If you're on Facebook, you and your friends
may have posted notes with 25 facts about themselves. We wanted to share
with you 25 things we think are really interesting about water. It's on our
Facebook page, too--please feel free to share it with your friends.
If you're on Facebook, you and your friends may have posted notes with 25
facts about themselves. We wanted to share with you 25 things we think are
really interesting about water. It's on
our Facebook page, too – please feel free to share it with your
friends.
25 Things You Might Not Know about Water
1. The world is currently in a water crisis. One out of six people
worldwide doesn’t have access to clean water. Every year, 2 million people
die of diseases caused by a lack of clean water.
2. Regions throughout the world are experiencing water shortages, due to
both droughts and overuse of water. Rivers all over the world, including
the Columbia River, now dry up before reaching their ends.
3. Companies like Nestlé are taking communities’ water for bottling
despite public opposition, in the US and abroad.
4.
Bottled water plants don’t provide good jobs.
5. Water advocacy does.
Food & Water Watch is hiring (and it’s a great place to work!).
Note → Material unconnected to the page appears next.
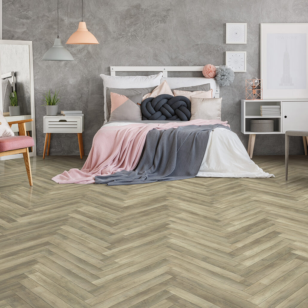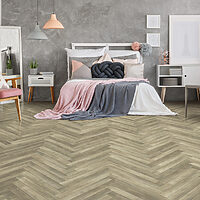 Kraus Odell Oak is a waterproof herringbone pattern LVT with integral underlay and Rigid Core Technology. A rustic brown colour with varying shades creates a high contrast look across the room. Ideal for use in most living spaces. It cuts easily with a knife and provides an easy and clean flooring solution which is also resistant to scuffs and stains.
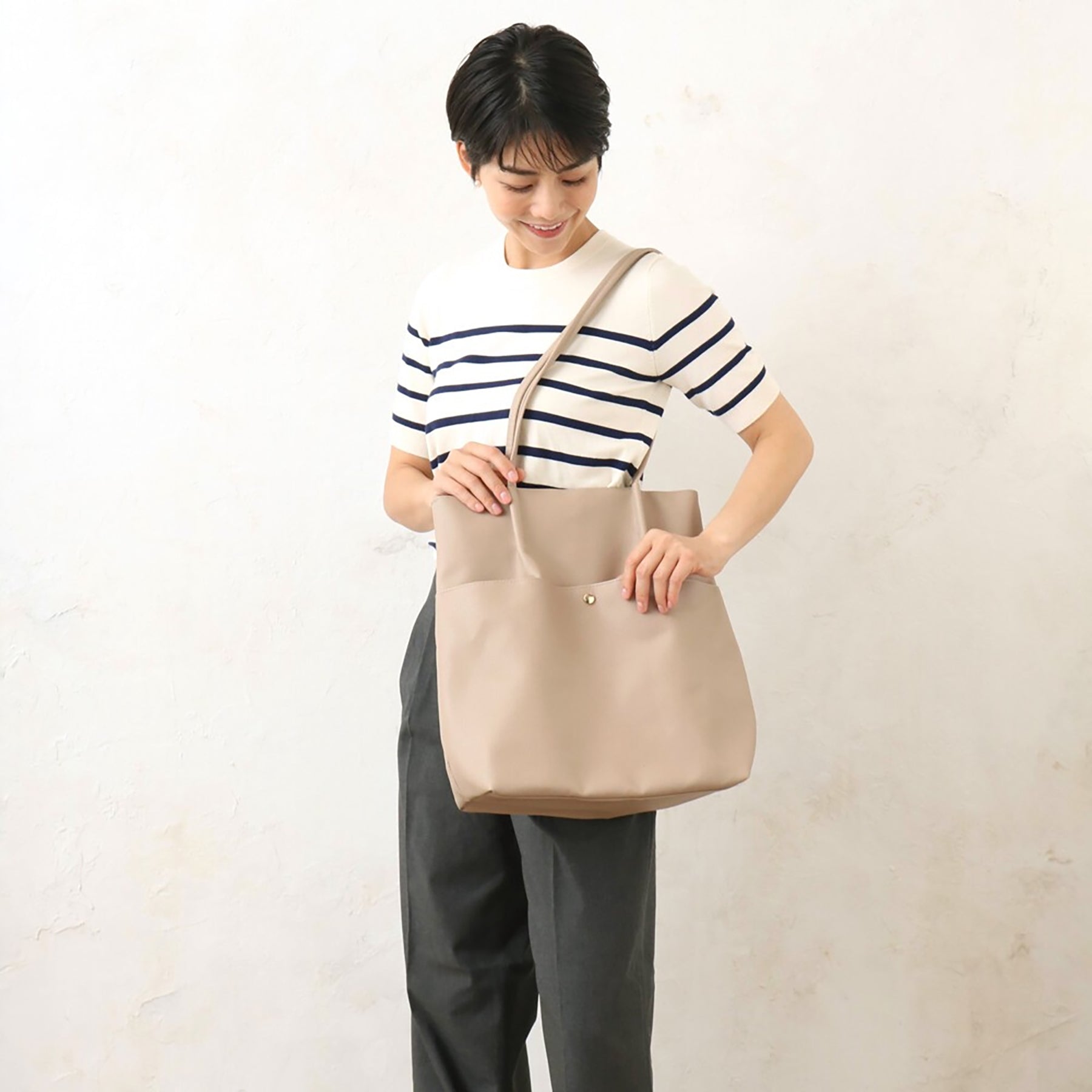 合皮シンプルタックトートバッグは、クッタリ感がかわいい、A4サイズがすっぽり入る万能トートバッグです。

6. The international financial institutions (World Bank and IMF) have
essentially forced many countries to sell their public water utilities to
big water corporations.
7. Communities all over the world have organized, and in some cases
shed blood, to regain control of their water resources.
8. Bottled water isn’t safer than tap water. Last year, Environmental
Working Group did a
study that tested popular brands of bottled water for
contamination. They found 38 different harmful chemicals, including
painkillers, fertilizer and arsenic, in 10 brands of bottled water.
9. The average American’s indoor water use is about 69 gallons of water
per day. Calculate your water footprint
here.
10. According to the
Washington Post in 2005, “Just one flush of a toilet in the
West uses more water than most Africans have to perform an entire day's
washing, cleaning, cooking and drinking.”
11. Worldwide, big investors like
T. Boone Pickens are buying up water rights like they have bought up
oil. Some have predicted that the next wars will be over water.
12. You can carbonate your own water with a machine like
this
if you like it fizzy.
13. Plastic bottles can leach chemicals into your water. Lined aluminum or
stainless steel bottles like our Take Back the Tap one are the
safest alternative.
14. Industry is pushing technology that makes ocean water into drinking
water as a solution to shortages. But really,
it’s a bad idea.
15. Conservation can get us farther. Check out a whole bunch of
conservation tips
here.
16. In the US, people who get their water from a privately owned utility
pay up to 80% more than those who get it from a public utility. Private
sewer service can cost twice as much as public.
17. We may be able to conserve water by investing in renewable energy
sources. According to Harper’s magazine in December 2008, half of all
freshwater drawn from U.S. sources each year is used to cool power plants.
18. In Bolivia, nearly one out of every ten children dies before the age
of five. Most of those deaths are related to illnesses that come from a
lack of clean drinking water. This statistic and others are discussed in
the movie
FLOW.
19. Every day, an estimated seven billion gallons of clean drinking water
leak out of pipes in the US.
20. In 1978, the feds paid for 78% of water infrastructure in the US. As
of 2008, it was 3%. Many communities don’t have the money to make up the
difference. You can meet with your legislator to tell them you support the
creation of a dedicated source of funding for water infrastructure.
21. Up to 40% of bottled water is actually just municipal water that’s
been packaged.
22. There’s a growing movement of college campuses and restaurants who
have decided not to sell bottled water. You can
join the
movement with your school or business.
23. Most funky taste in water can be removed with a filter, such as a
Brita. (We don’t have any financial interest in selling Britas.) Chlorine
taste will go away if you leave the water in an open pitcher overnight.
24. In 2003, the city of Johannesburg, South Africa started to install
prepaid water meters, preventing the very poorest from accessing clean
water. In 2008, the Johannesburg High Court declared this
unconstitutional. This was a victory for the people, but the decision is
being appealed, and the struggle continues.
25. The movement needs you. This isn’t just for activists—it’s for anyone
whose body is made up of over 70% water.